Salvaguardare la biodiversità. Anche in città
È in questo contesto, però, che anche il nostro modo di agire e di pensare alla città può fare la differenza nel favorire o meno la convivenza con altre specie animali, garantire la loro sopravvivenza e, di conseguenza, la salvaguardia della biodiversità. Tutte le api si nutrono di nettare, che trovano nei fiori. Più fiori ci sono e più varietà floreali sono presenti lungo l’arco dell’anno, più cibo è disponibile per le api che, oltre a sopravvivere, potranno riprodursi, anno dopo anno. Perché, quindi, falciare ogni prato come se fosse un campo da golf? Un lavoro del 2018 su Biological Conservation ha messo in chiara evidenza come intervalli di sfalcio di almeno tre settimane, invece che uno a settimana, influiscano in modo positivo su abbondanza e biodiversità di api e altri insetti.

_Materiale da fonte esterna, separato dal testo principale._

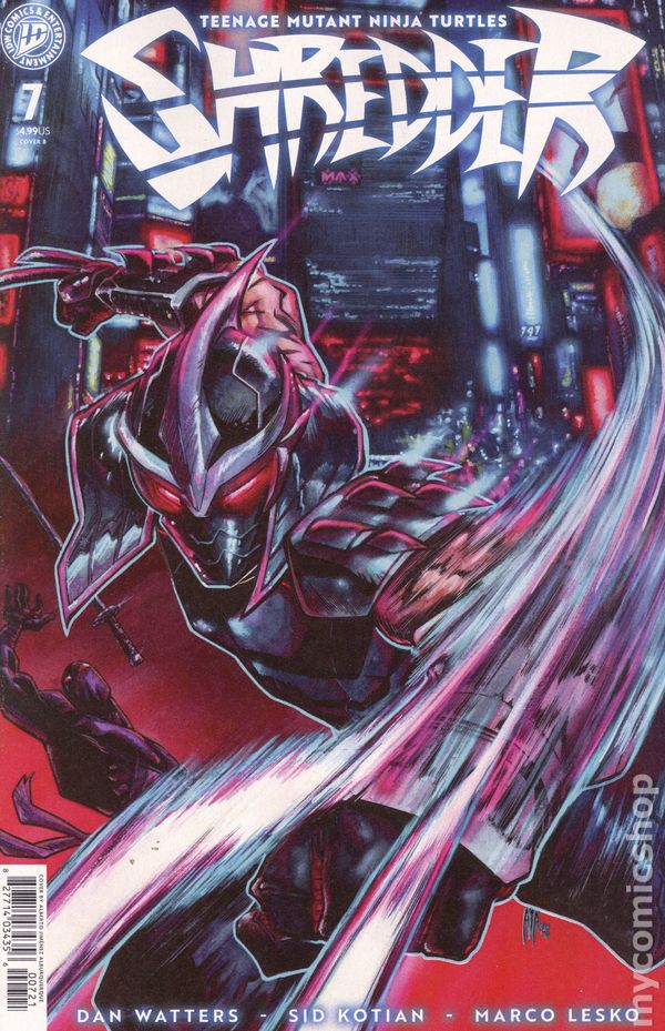 Limited 1 for 10 Retailer Incentive Variant Cover. (W) Dan Watters (A) Sid Kotian (CA) Isaac Goodhart The Shredder returns to Japan to recruit the Dog Star Clan, a rogue offshoot of the Foot Clan, to his new cause…but finds the cybernetic ninja clan infected by lethal malware. Now he will trace this virus to its root—and ensure those responsible feel the edge of his blade. 32 pages, full color, not rated. Cover price $4.99.

In modo analogo, non sempre le infrastrutture umane sono un ostacolo per le api. Come mette in luce uno studio del 2021 svolto presso la città polacca di Bydgoszcz e pubblicato su Urban Forestry & Urban Greening, costruzioni come le strade o, ancora meglio, le linee ferroviarie possono creare un habitat ideale per questi imenotteri. Rispetto ai vicini boschi naturali o artificiali, infatti, i binari della ferrovia e i bordi delle strade garantiscono un suolo arido e secco in cui la flora spontanea locale prolifera, offrendo possibilità di foraggiamento per lunghi periodi dell’anno. Inoltre, il periodico sfalcio e diserbo, ma non troppo ravvicinato, impedisce a queste porzioni di territorio di ricoprirsi di alberi o arbusti, favorendo, all’opposto, le piante erbacee da fiore. Detto in altre parole, le linee ferroviarie sono delle aree urbanizzate che, come “effetto collaterale” della loro manutenzione, incrementano la biodiversità vegetale la quale, in ultima analisi, si riflette in una analoga ampia biodiversità animale. Un articolo del 2014 pubblicato su Plos One si spingeva addirittura oltre, arrivando a definire i binari ferroviari come un nuovo habitat per gli impollinatori all’interno di un paesaggio agricolo.
La metà del mondo di Edward O. Wilson
La scienza, per concludere, sta sempre più mettendo in risalto come una pacifica e profittevole convivenza con le altre specie con cui condividiamo il mondo sia possibile, in un rapporto di mutua convenienza. Favorire e preservare la biodiversità ha ricadute economiche incommensurabili nei termini dei cosiddetti servizi ecosistemici – impollinazione, sicurezza idrogeologica, acqua e aria pulita, prevenzione delle pandemie, solo per fare qualche esempio. E sempre che si voglia attribuire un valore economico a qualsiasi cosa, soprattutto a tutto ciò che una “cosa” non è, come la bellezza e la possibilità di vivere in un ambiente più confortevole, tanto per noi esseri umani, quanto per le api.
Forse l’auspicio di Edward O. Wilson di destinare metà del nostro pianeta alle altre specie viventi al fine di preservare la biodiversità della Terra rimane un’utopia, ma di certo un nuovo modo di vivere è possibile: fare sì che la nostra presenza sia più lieve è qualcosa di realizzabile. Perché un mondo a misura d’ape è anche un mondo a misura di uomo.